AIf it's 100% butter smbc it will be just fine. I use it all the time with no problems. When chilled it's rock hard and solid for a perfect fondant application.

ashwee7 Posted 1 Oct 2014 , 4:48pm
post #28 of 32

For those of you who use SMBC under fondant and keep it chilled, do you ever have issues with air bubbles, sagging fondant or blow outs when it comes to room temp at a venue or when it has been delivered to a client?

writezoe Posted 3 Oct 2015 , 1:36pm
post #29 of 32

I just used SMBC made with 50/50 butter and high ratio shortening on my 1st 4 tier wedding cake.  I'll never do that again.  Baked and froze the cakes in advance,  thawed, torted, filled and lightly iced, sat in fridge overnight.   Brought cakes back to room temp, then chilled each one just enough to harden SMBC for fondant application. Used Satin Ice.

Cakes were fine, set in a cupboard overnight to set fondant and next day buldges, cracks and blowouts.  Luckily, my design has the cakes totally covered in flowers and ruffles and they look great today (bottom 2 tiers are stacked and top 2 tiers are stacked for transportation - will finish stacking them on site).
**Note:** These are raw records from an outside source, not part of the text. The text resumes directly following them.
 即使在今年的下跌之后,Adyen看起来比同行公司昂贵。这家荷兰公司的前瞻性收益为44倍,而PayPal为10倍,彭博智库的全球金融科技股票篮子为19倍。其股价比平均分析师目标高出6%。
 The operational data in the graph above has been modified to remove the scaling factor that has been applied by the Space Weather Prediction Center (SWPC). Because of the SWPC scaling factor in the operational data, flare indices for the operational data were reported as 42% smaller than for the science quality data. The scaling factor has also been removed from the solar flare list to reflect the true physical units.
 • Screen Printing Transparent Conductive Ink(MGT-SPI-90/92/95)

But I'm afraid the blowouts will compromise the structure when it's all put together and the cake will sag or fall at the reception.  I used 1/2" dowels on the 12 and 10" tiers, 6 and 4 respective,  and 4 Bobo tea straws in the 8".  6" top tier will be secured with a center dowel through the middle of all 4 tiers.
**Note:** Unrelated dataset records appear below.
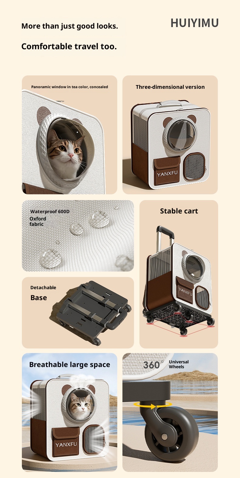 全景式有色玻璃窗确保宠物在旅途中保持私密性,同时又能让他们保持平静和好奇。配备减震静音PU轮和可拆卸底座,确保稳定性,可在任何表面上顺畅滑动。
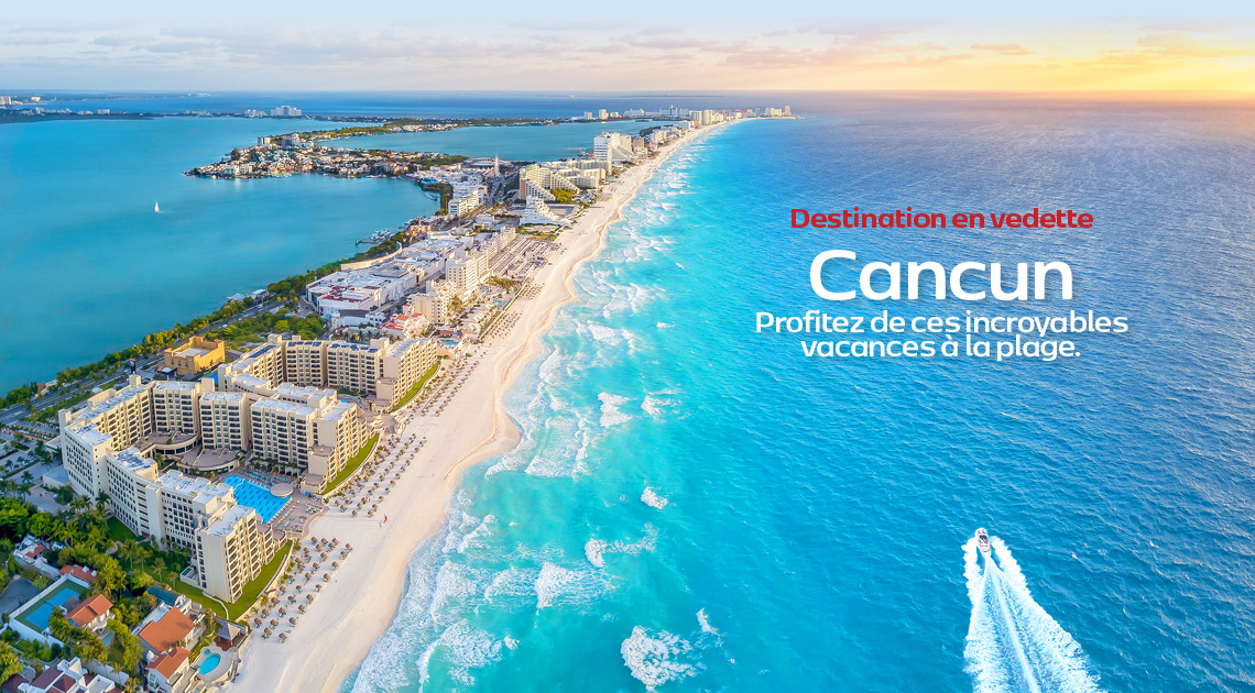 Vacances à Cancun, Mexique - redtag.ca vous aide à trouver facilement des vacances pas chères à Cancun, au départ du Canada, ou des hôtels et centres de villégiature à Cancun. Réservez vos vacances pas chères à Cancun aujourd’hui et économisez! redtag.ca offre les meilleures aubaines de voyage les plus récentes pour Cancun
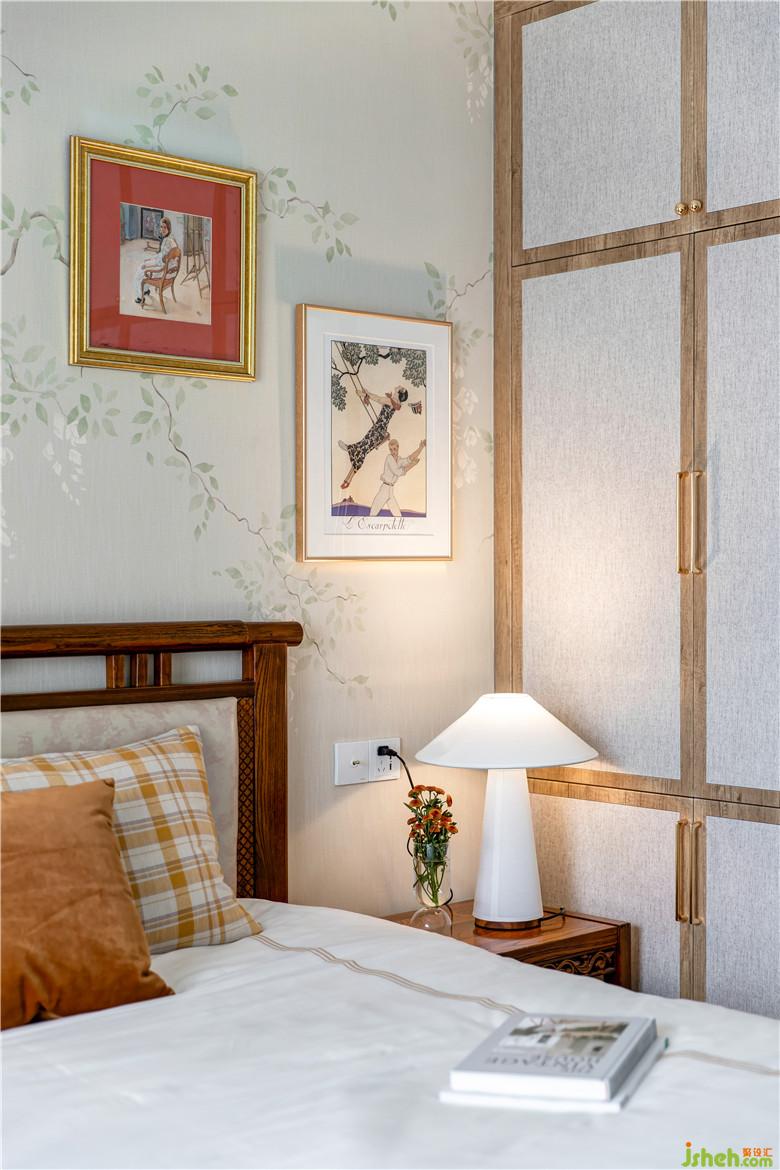 主臥的衣柜柜門,特別設(shè)計(jì)定制,木色邊框,布藝感飾面,與紅木家具配合使用。
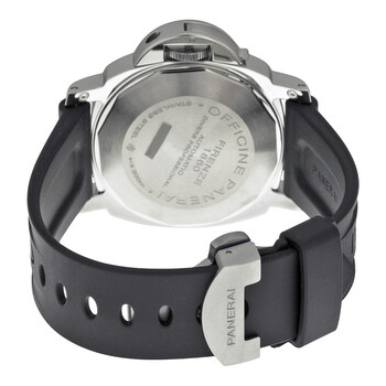 Silver-tone stainless steel case with a black rubber strap. Uni-directional rotating silver-tone stainless steel bezel. Black dial with luminous hands and dot hour markers. Arabic numerals mark the 6 and 12 o'clock positions. Dial Type: Analog. Luminescent hands and markers. Date display at the 3 o'clock position. Seconds sub-dial at the 9 o'clock position subdials. Panerai Calibre OP III Automatic movement, based upon 7750-P1, containing 21 Jewels, bitting at 28800 vph, and has a power reserve of approximately 42 hours. Scratch resistant sapphire crystal. Stainless steel protected by lever crown. Stainless steel with engraved 'officine panerai' engraving case back. Cushion case shape, case size: 44 mm, case thickness: 15.5 mm. Deployment clasp. Water resistant at 300 meters / 1000 feet. Functions: date, hour, minute, small second, chronometer. Dive watch style. Watch label: Swiss Made. Item Variations: PAM24, PANERAI 24. Panerai Luminor Submersible Black Dial Men's Watch PAM00024.
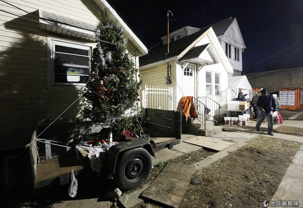民眾在臨時居住的帳篷旁邊放了大大的聖誕樹,希望聖誕燈火能為大家添一絲心頭暖意。圖片來源:Mario Tama/Getty Images
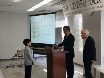 第24回浜名賞パソコン作品コンテスト授賞式が3月4日 とかちプラザにて行われました。 50名程の受賞者及びご家族の方々が参加され、 協賛各社の挨拶と各賞への賞状と賞品の授与が 行われました。 受賞者のインタビューや作品の紹介で盛上ってましたよ!
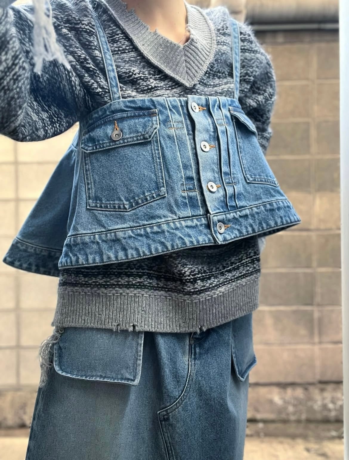 ラッフルシルエットのキャミトップスに製品洗い(バイオブリーチ加工)を施し、ムラやシボ感を表現。デニムジャケットのディテールを残したキャミソールの新型です。

Oh, did I mention it's an outdoor wedding, 50 degrees Fahrenheit, windy and raining?   I think this might be my first and last wedding cake.  LOL. I'll try to post pictures tomorrow (usually have trouble with that but I'll try).

Brookebakescake Posted 3 Oct 2015 , 2:07pm
post #30 of 32

Ashwe7, no, I don't have a problem with that. I keep my cakes in the fridge, unstacked, until time to deliver. No problem with sagging or bulging, because the smbc firms up in fridge. When it comes to room temp, the fondant has set and no sagging or bubbles happen.